◆ WHAT YOU WILL DO:
Once you reach the line with "在文化路校区17号楼405报" below, copy each line exactly, stopping after the line with "MS-5-0224 Fototapetă vlies", and skip any pictures.

◆ MATERIAL SHOWN:
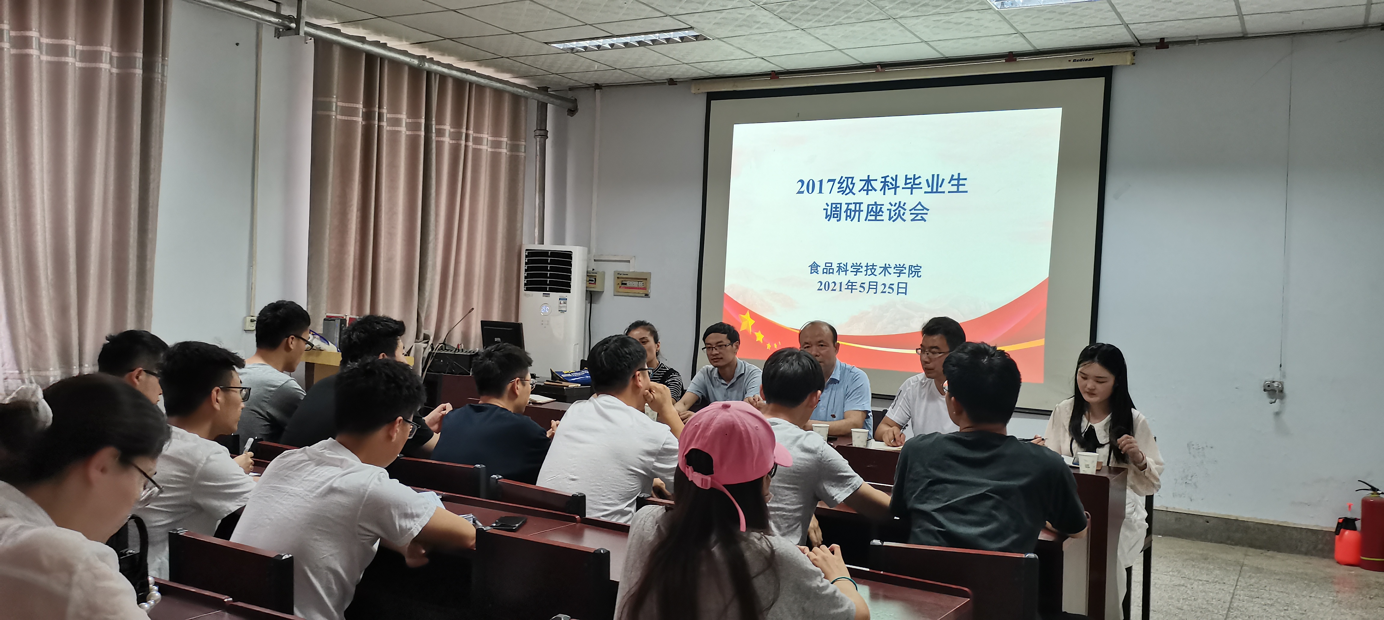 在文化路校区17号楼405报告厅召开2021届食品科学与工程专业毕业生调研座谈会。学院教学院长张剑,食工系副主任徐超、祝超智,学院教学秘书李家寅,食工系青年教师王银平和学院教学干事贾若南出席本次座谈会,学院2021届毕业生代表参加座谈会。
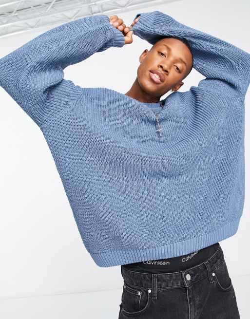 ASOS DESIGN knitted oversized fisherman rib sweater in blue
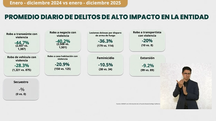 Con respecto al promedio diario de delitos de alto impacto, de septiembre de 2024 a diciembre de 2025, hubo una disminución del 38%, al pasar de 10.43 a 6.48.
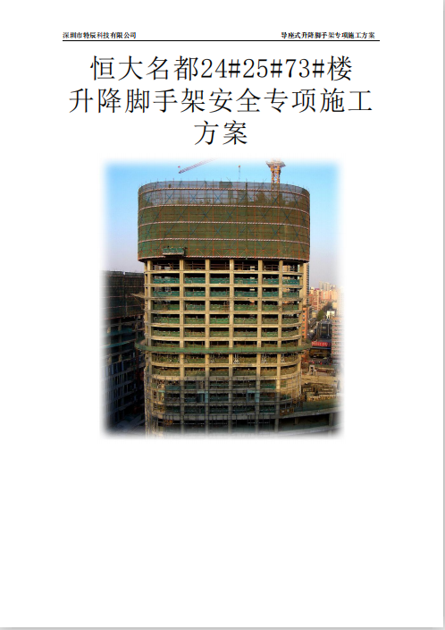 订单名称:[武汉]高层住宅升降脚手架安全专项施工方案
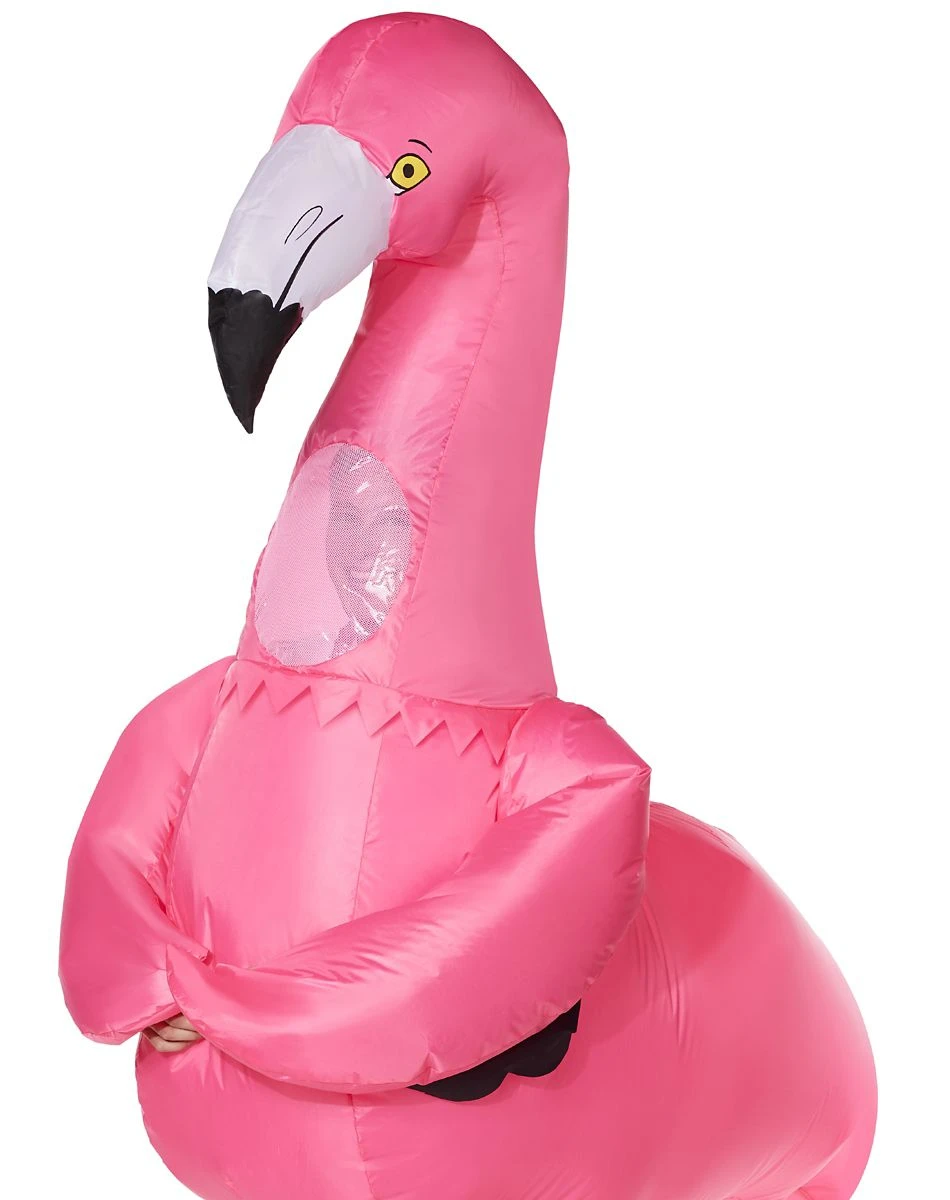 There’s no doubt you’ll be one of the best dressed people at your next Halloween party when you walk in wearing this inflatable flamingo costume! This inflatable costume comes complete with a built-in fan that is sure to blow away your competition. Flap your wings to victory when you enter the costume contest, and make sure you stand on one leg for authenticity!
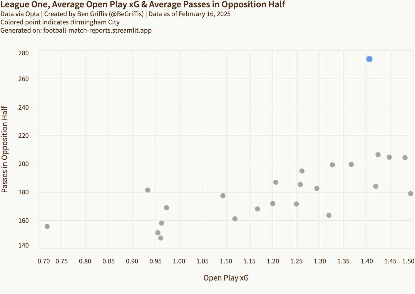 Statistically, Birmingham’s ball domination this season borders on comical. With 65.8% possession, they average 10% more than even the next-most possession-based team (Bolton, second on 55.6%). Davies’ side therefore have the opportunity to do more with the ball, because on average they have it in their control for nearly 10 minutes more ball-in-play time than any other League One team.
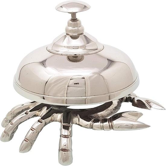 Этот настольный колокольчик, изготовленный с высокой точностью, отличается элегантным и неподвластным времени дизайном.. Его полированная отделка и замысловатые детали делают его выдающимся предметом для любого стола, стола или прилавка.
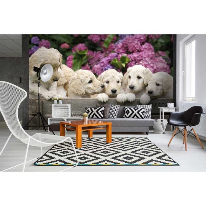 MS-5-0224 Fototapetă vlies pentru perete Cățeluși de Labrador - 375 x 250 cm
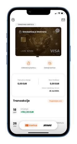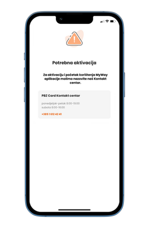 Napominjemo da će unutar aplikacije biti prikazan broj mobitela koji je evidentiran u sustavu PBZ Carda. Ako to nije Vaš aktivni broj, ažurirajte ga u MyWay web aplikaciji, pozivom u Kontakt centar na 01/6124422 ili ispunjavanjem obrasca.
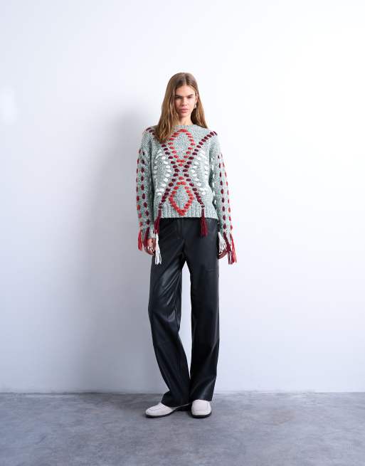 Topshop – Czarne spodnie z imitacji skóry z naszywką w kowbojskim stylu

---

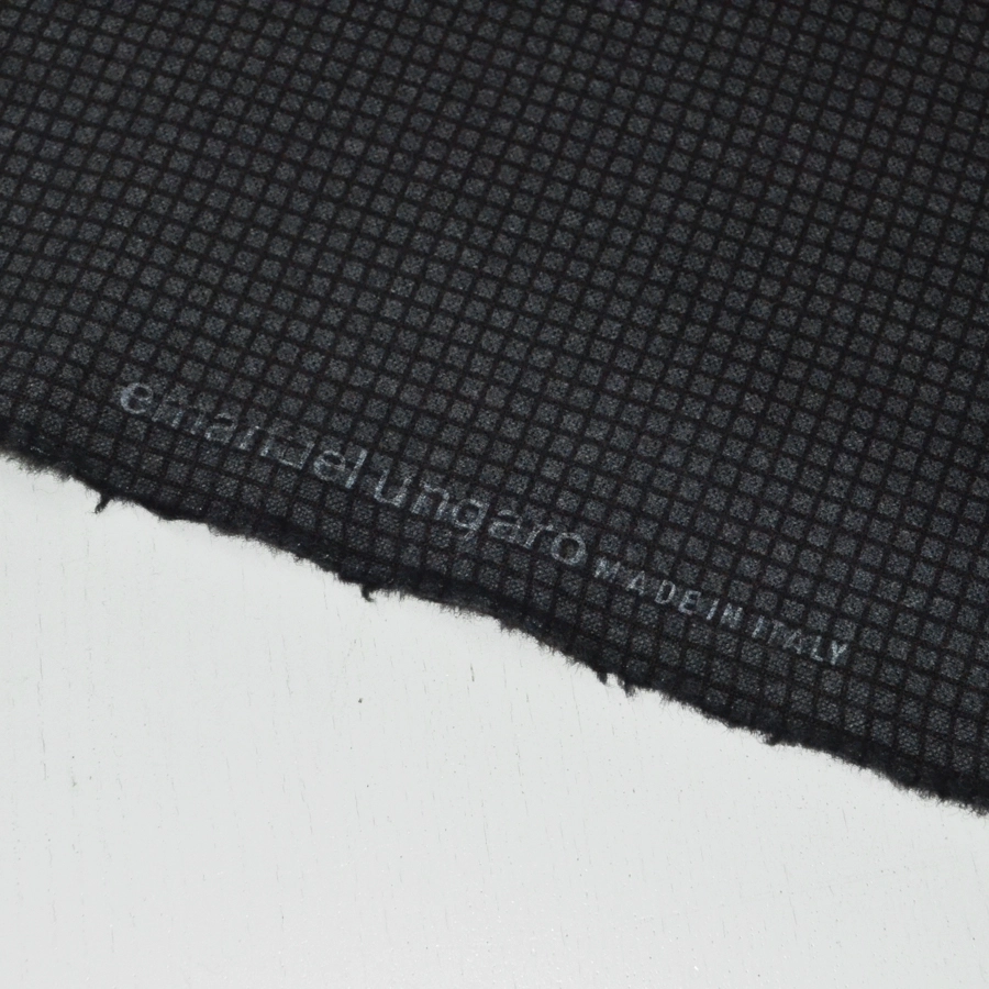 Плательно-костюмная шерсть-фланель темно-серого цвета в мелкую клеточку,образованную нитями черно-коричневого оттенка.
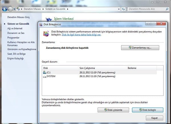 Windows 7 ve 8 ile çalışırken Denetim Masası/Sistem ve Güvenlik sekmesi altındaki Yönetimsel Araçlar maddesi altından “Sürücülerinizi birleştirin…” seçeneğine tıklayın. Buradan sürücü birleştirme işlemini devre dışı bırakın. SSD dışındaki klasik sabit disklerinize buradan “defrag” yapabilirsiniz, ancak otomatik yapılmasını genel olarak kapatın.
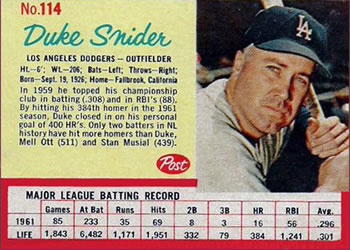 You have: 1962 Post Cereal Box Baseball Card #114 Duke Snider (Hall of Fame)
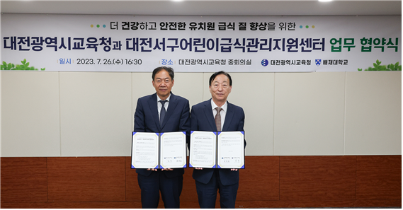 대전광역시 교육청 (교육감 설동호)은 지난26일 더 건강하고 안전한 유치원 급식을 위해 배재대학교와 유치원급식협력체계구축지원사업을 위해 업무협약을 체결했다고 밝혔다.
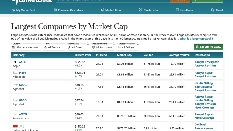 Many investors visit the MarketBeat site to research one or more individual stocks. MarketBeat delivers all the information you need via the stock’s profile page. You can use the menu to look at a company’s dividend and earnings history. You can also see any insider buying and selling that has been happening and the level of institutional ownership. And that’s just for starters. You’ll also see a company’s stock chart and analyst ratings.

==

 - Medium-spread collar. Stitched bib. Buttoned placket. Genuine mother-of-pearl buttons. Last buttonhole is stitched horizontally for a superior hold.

◆ REPLY:
 在文化路校区17号楼405报告厅召开2021届食品科学与工程专业毕业生调研座谈会。学院教学院长张剑,食工系副主任徐超、祝超智,学院教学秘书李家寅,食工系青年教师王银平和学院教学干事贾若南出席本次座谈会,学院2021届毕业生代表参加座谈会。
 ASOS DESIGN knitted oversized fisherman rib sweater in blue
 Con respecto al promedio diario de delitos de alto impacto, de septiembre de 2024 a diciembre de 2025, hubo una disminución del 38%, al pasar de 10.43 a 6.48.
 订单名称:[武汉]高层住宅升降脚手架安全专项施工方案
 There’s no doubt you’ll be one of the best dressed people at your next Halloween party when you walk in wearing this inflatable flamingo costume! This inflatable costume comes complete with a built-in fan that is sure to blow away your competition. Flap your wings to victory when you enter the costume contest, and make sure you stand on one leg for authenticity!
 Statistically, Birmingham’s ball domination this season borders on comical. With 65.8% possession, they average 10% more than even the next-most possession-based team (Bolton, second on 55.6%). Davies’ side therefore have the opportunity to do more with the ball, because on average they have it in their control for nearly 10 minutes more ball-in-play time than any other League One team.
 Этот настольный колокольчик, изготовленный с высокой точностью, отличается элегантным и неподвластным времени дизайном.. Его полированная отделка и замысловатые детали делают его выдающимся предметом для любого стола, стола или прилавка.
 MS-5-0224 Fototapetă vlies pentru perete Cățeluși de Labrador - 375 x 250 cm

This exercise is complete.